The totality of the evidence satisfies me that probably by August, 1958, and certainly by the time of his
last arrival in May or June, 1959, Jamaica had
become Errol’s home and that he was domiciled there. His Jamaican domicile thereupon ousted his
domicile of origin. His work might continue to take him
to many parts of the world for long periods; but Jamaica had become his centre of gravity. What at first,
while he was still domiciled in California, may
merely have been an investment, a dearly loved holiday resort and possibly a place of future retirement
had in addition, when he had abandoned his
Californian domicile, become his permanent home. Indeed, it would have been strange if, loving the
place as he did, Errol had not regarded it as his home
when he had no other, and was making and putting into effect such expensive plans for erecting a house
there to his exact specification. Why should he shrink
from treating as his present home a place which he loved and which had long been his holiday resort and
perhaps the home to which he would in time retire?

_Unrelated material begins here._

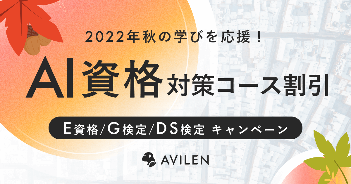 株式会社AVILEN(東京都中央区、代表取締役:高橋 光太郎、以下「AVILEN」)は、2022年9月1日から9月30日まで「2022年秋の学びを応援!全人類がわかるAI・データサイエンス資格対策シリーズ割引キャンペーン」を開催します。
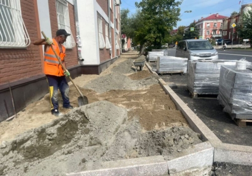 На ул. Герцена финальный этап работ включает устройство гранитного тротуара и установку поребрика. Полностью готовы технический тротуар, выравнивающий и верхний слои дорожного покрытия. В настоящее время ведется укладка тротуарной плитки. На данном участке протяженностью 936 метров выполнено более 90 процентов от общего объема работ.

His professional engagements might be relied upon to keep him in the United States for sufficient
periods 61 to satisfy the authorities in regard to his
nationality and his passport; and in Jamaica he could have all this, and haven too. During his absences he
may well have intended to let his new house to
visitors as the third defendant says. That, however, is in no way inconsistent with its being his home, but
might well be an economic recognition of the life he
was leading and the state of his finances.
Accordingly I answer the inquiry by saying that at the time of his death Errol was domiciled in Jamaica.
Solicitors: Clifford-Turner & Co (for the plaintiff); Harbottle & Lewis (for the third defendant) D988C01:.